Exhausted and overwhelmed, Charles slumped into the nearest chair. Tears of relief mingled with those of fear and despair.
An hour later, Charles walked up and down in the living room, talking to Carol via vidcom.
“What did the officer say?” Carol asked.
“Since I did not see who had thrown the stone he could not arrest anyone for it,” Charles said, then sighed deeply. “I think he believed the broken window served me right.”
“Well, you can’t blame him…”
“What’s that supposed to mean?” Charles snapped.
“Nothing, nothing,” Carol said, again speaking in the voice she used to calm down the kids.
“Listen,” she went on, ”I decided I am staying here with the kids until you sorted this out.”

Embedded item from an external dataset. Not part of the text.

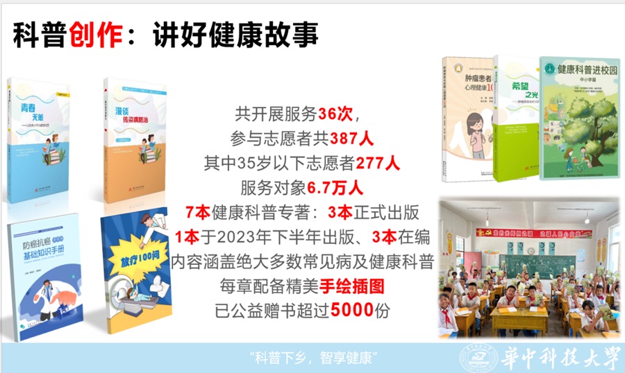 大學(xué)生快樂科普驛站的活動(dòng)始于新冠肺炎初期,于2020年11月21日正式建群,以華中科技大學(xué)同濟(jì)醫(yī)學(xué)院的醫(yī)學(xué)生為主力軍,醫(yī)生,護(hù)士,健康相關(guān)工作者同樣參與進(jìn)行科普,隊(duì)員跨越18個(gè)院系,下至本科生上至博士生,來自多種專業(yè)、不同科室,形成“醫(yī)學(xué)+”多學(xué)科特色。導(dǎo)師團(tuán)隊(duì)由三甲醫(yī)院主任醫(yī)師及高校教授組成,師生發(fā)揮團(tuán)隊(duì)效應(yīng),以云調(diào)研、云課堂、實(shí)地宣講、實(shí)地走訪等形式,開展了多場社會影響力強(qiáng)、群眾參與度高的線下、線上實(shí)踐活動(dòng)。團(tuán)隊(duì)開展志愿服務(wù)三年,編撰7本健康科普專著,內(nèi)容涵蓋絕大多數(shù)常見疾病,公益捐贈(zèng)超5000本。團(tuán)隊(duì)成員利用寒暑假奔赴全國各地,從彩云之南到荊楚大地,在鄉(xiāng)村學(xué)校進(jìn)行健康科普教育, 努力提升青少年健康素養(yǎng),助力健康中國與鄉(xiāng)村振興戰(zhàn)略。

Charles swallowed hard. “And if I can’t?” he asked.
“Please do it.”
The next morning, after a sleepless night, Charles sat in his office again, rewatching the video over and over, his sole companion an almost empty bottle of whiskey his grandfather had given him at graduation, to be opened when Charles would have his first big breakthrough.
“Now look at me, old man,” Charles slurred, “Look what I got for that precious integrity of yours.” Charles threw the bottle against the picture frame, which came crashing down.
“Truth must be told, you said. Fuck the truth. Fuck history. Should’ve become an engineer.” He slumped over and, finally, fell asleep.
When Charles awoke that evening, out of sheer habit, he opened his email inbox. His spam filter had taken care of all the hate mail. As a result, there was only one unopened mail in the inbox. Charles read with eyes watering from the drink:
Dear Mr. Groeger,
We at the Galileo University of Pregrose have been observing the developments surrounding your recent publication and ensuing events with considerable interest. It appears that your expertise and recent experiences could enrich the academic landscape of our Historical Institute. Should you find our institution aligning with your future aspirations, we would be open to discussing the potential of your integration into our faculty.
We invite you to reach out to us at your convenience to explore this possibility further.
Hypatia Lysenko, President
Pregrose. He hadn’t even dared to dream of this.
A month later, Charles sat in his new office at Pregrose after his first lecture. Next to the photo on his desk that showed him and his family in front of their new house stood the now whiskey-stained photograph of his grandfather in a new silver frame. He smiled and raised a mug of coffee to the old man.
“Guess you were right after all, Gramps.”